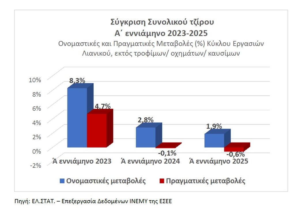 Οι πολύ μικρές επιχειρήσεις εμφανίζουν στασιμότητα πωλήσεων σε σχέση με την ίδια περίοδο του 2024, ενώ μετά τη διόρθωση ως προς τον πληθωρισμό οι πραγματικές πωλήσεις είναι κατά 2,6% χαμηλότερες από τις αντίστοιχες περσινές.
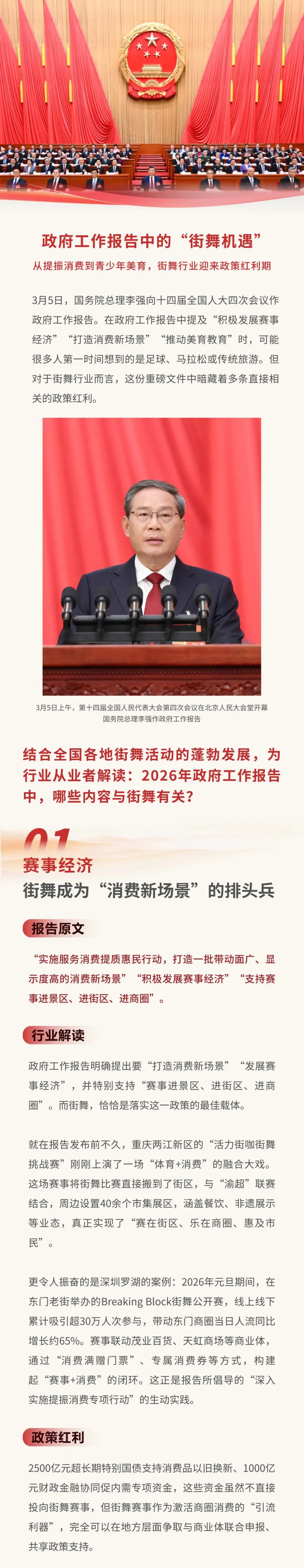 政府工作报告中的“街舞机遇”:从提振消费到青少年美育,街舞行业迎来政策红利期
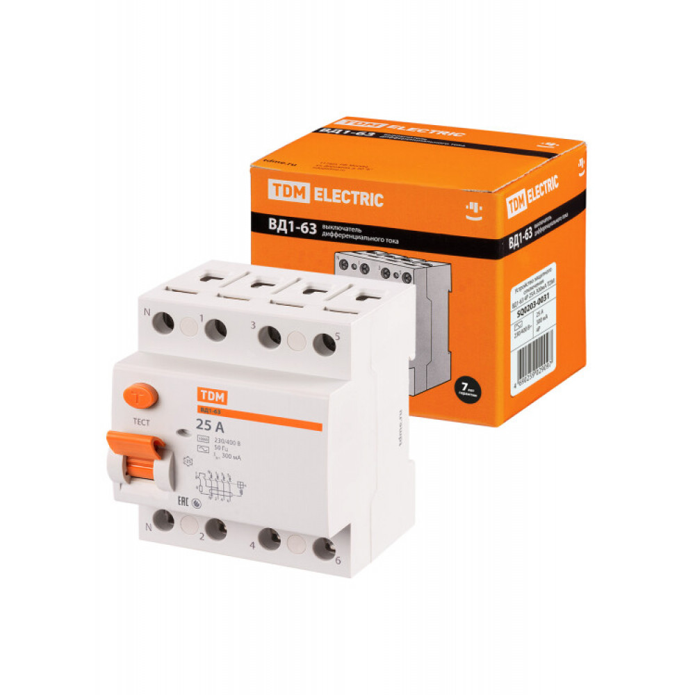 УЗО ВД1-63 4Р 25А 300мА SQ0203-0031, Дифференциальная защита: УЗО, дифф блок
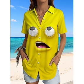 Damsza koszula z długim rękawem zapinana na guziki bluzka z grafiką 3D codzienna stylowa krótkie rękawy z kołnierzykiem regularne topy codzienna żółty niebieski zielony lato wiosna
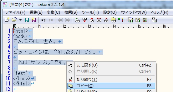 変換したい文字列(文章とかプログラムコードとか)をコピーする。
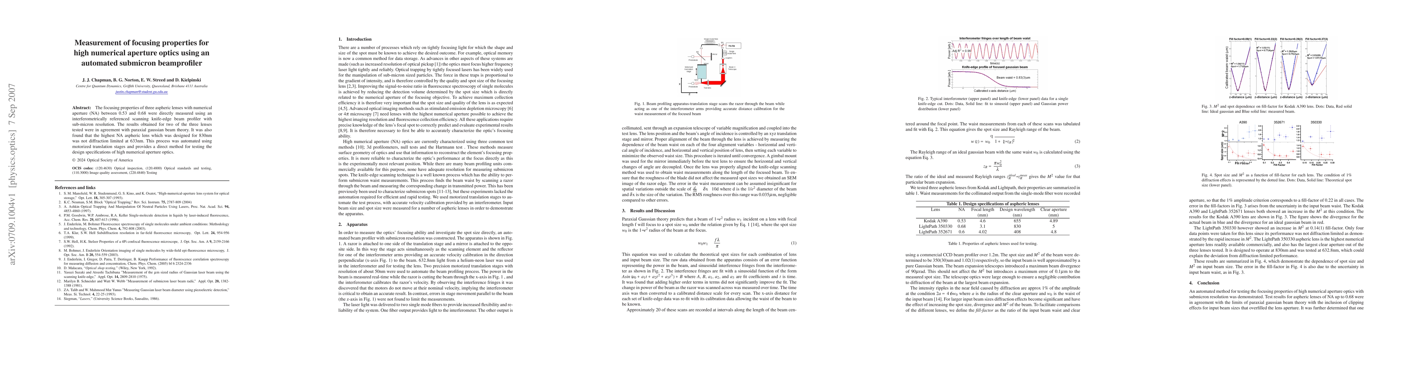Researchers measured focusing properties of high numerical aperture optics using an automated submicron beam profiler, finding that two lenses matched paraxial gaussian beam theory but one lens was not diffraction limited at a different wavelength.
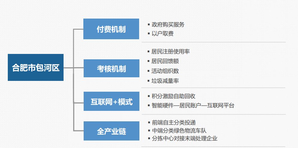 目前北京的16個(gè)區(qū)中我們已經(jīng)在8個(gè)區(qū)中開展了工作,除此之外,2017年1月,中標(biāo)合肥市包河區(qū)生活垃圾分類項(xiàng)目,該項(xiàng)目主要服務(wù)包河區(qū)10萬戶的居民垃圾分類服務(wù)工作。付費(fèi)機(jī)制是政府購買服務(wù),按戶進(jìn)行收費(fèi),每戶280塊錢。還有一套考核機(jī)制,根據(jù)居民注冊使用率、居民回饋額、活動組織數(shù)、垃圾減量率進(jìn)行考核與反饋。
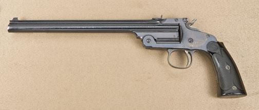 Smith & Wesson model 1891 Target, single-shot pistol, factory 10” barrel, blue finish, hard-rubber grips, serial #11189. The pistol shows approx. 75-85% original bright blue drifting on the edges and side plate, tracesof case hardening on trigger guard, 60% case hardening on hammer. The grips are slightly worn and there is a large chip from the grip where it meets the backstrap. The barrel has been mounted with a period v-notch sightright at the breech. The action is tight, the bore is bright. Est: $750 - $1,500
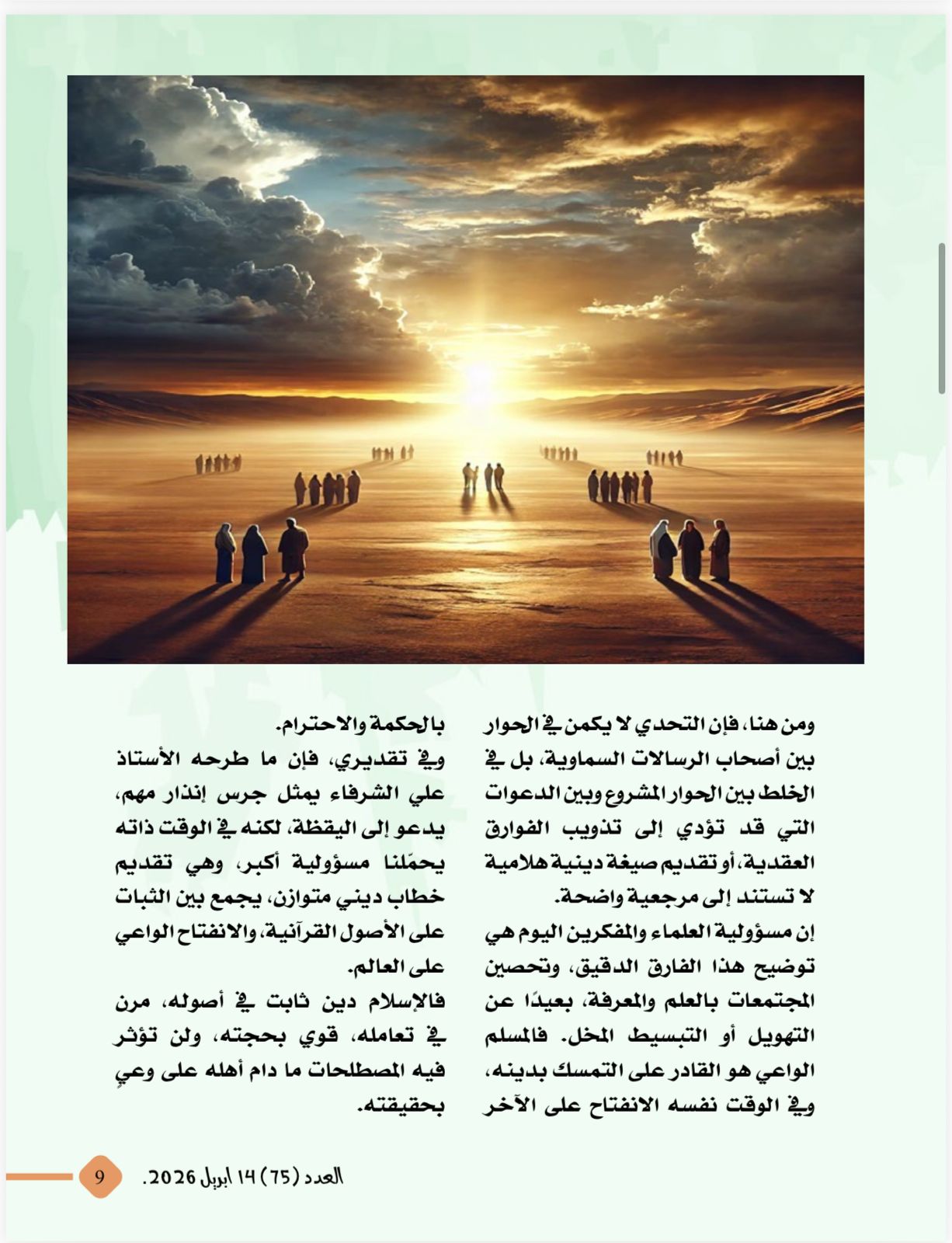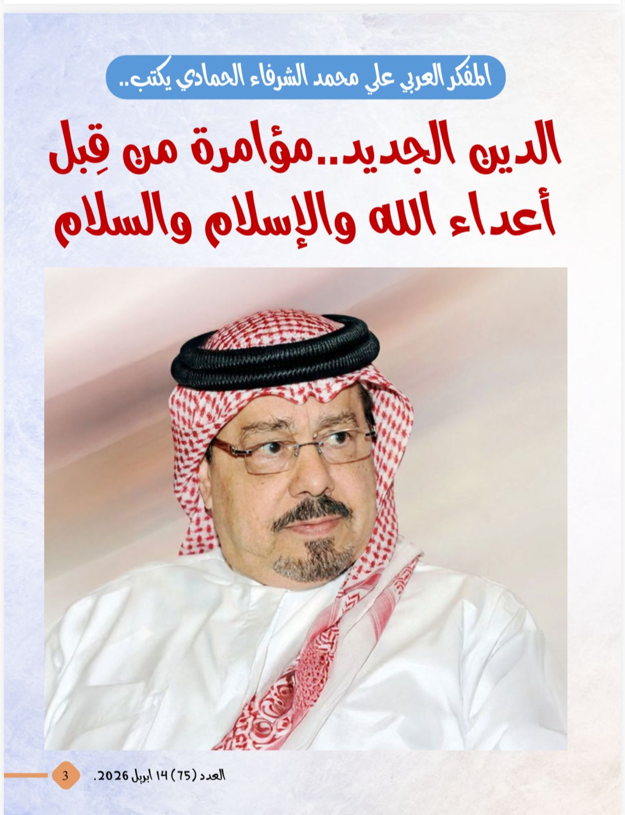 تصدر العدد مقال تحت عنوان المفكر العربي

+++

# To do:
Could the listing above be transcribed exactly, with the pictures left out?

# Completed task:
 Οι πολύ μικρές επιχειρήσεις εμφανίζουν στασιμότητα πωλήσεων σε σχέση με την ίδια περίοδο του 2024, ενώ μετά τη διόρθωση ως προς τον πληθωρισμό οι πραγματικές πωλήσεις είναι κατά 2,6% χαμηλότερες από τις αντίστοιχες περσινές.
 政府工作报告中的“街舞机遇”:从提振消费到青少年美育,街舞行业迎来政策红利期
 УЗО ВД1-63 4Р 25А 300мА SQ0203-0031, Дифференциальная защита: УЗО, дифф блок
 Damsza koszula z długim rękawem zapinana na guziki bluzka z grafiką 3D codzienna stylowa krótkie rękawy z kołnierzykiem regularne topy codzienna żółty niebieski zielony lato wiosna
 変換したい文字列(文章とかプログラムコードとか)をコピーする。
Researchers measured focusing properties of high numerical aperture optics using an automated submicron beam profiler, finding that two lenses matched paraxial gaussian beam theory but one lens was not diffraction limited at a different wavelength.
 目前北京的16個(gè)區(qū)中我們已經(jīng)在8個(gè)區(qū)中開展了工作,除此之外,2017年1月,中標(biāo)合肥市包河區(qū)生活垃圾分類項(xiàng)目,該項(xiàng)目主要服務(wù)包河區(qū)10萬戶的居民垃圾分類服務(wù)工作。付費(fèi)機(jī)制是政府購買服務(wù),按戶進(jìn)行收費(fèi),每戶280塊錢。還有一套考核機(jī)制,根據(jù)居民注冊使用率、居民回饋額、活動組織數(shù)、垃圾減量率進(jìn)行考核與反饋。
 Smith & Wesson model 1891 Target, single-shot pistol, factory 10” barrel, blue finish, hard-rubber grips, serial #11189. The pistol shows approx. 75-85% original bright blue drifting on the edges and side plate, tracesof case hardening on trigger guard, 60% case hardening on hammer. The grips are slightly worn and there is a large chip from the grip where it meets the backstrap. The barrel has been mounted with a period v-notch sightright at the breech. The action is tight, the bore is bright. Est: $750 - $1,500
 تصدر العدد مقال تحت عنوان المفكر العربي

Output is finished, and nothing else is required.